Running the notebooks using Binder

For running the jupyter notebook for Enrichment Analysis using KnetMiner SPARQL endpoint,
click on launch binder: Binder

For running the jupyter notebook for gene-concept relations from the database,
click on launch binder: Binder

Please Note: The binders take sometime to be built and might fail a couple of times before launching successfully.

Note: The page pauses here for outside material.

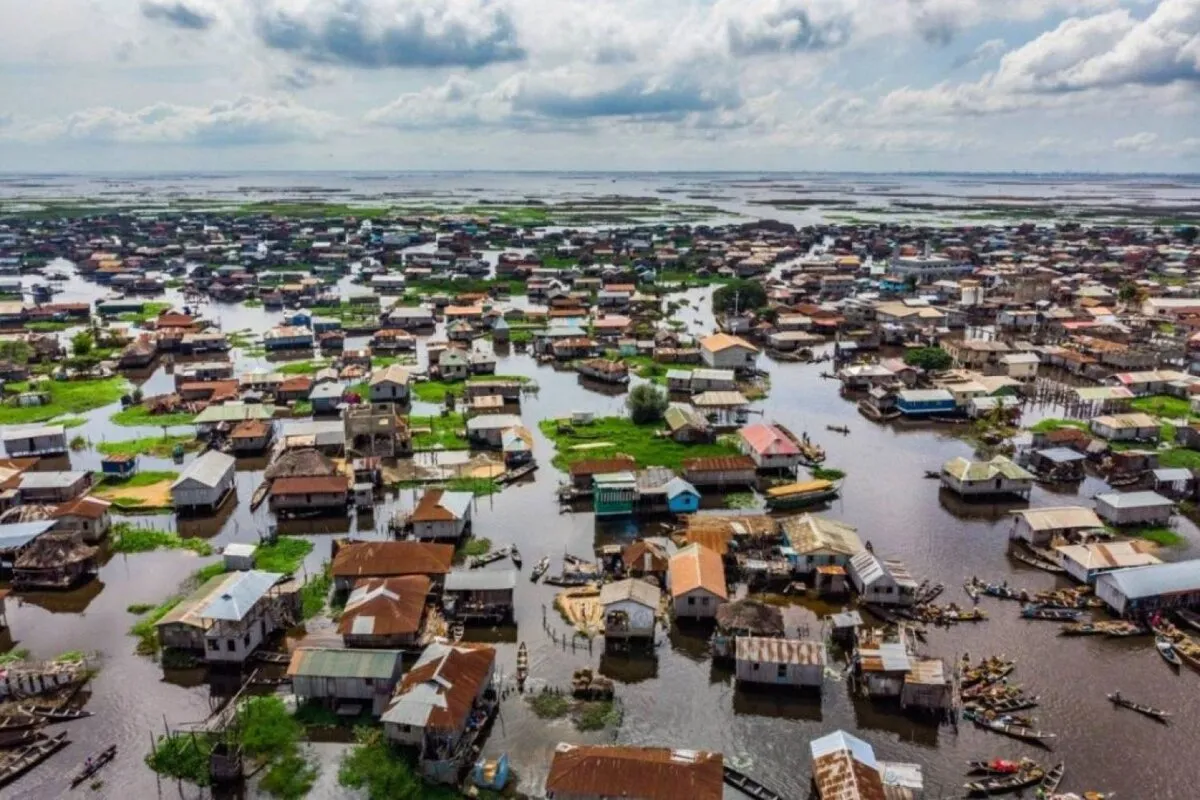 Stilt village on Lake Nokoué, unique water settlement.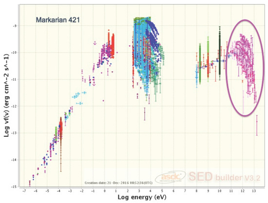 The multi-wavelength blazar spectral energy distribution (SED) of Mkn421. The marked VHE gamma-ray points are provided by the Brazilian Science Data Center (BSDC) database. The plot is made collecting data from a dozen catalogues spanning more than 30 years, collected by over 10 different instruments. They come from a number of catalogues which are integrated and made available online via Italian Space Agency (ASI) Science Data Center (ASDC).The plots are produced with SEDBuilder [10].

Running the notebooks on local computer

Download the notebooks

Download the zipped folder for the interactive notebooks and the required files and unzip it.

Install conda and dependncies

  1. Install Miniconda

  2. Open the miniconda prompt and write the following commands:
    (note: change "path/to/interactive_jupyter_notebook" to actual path)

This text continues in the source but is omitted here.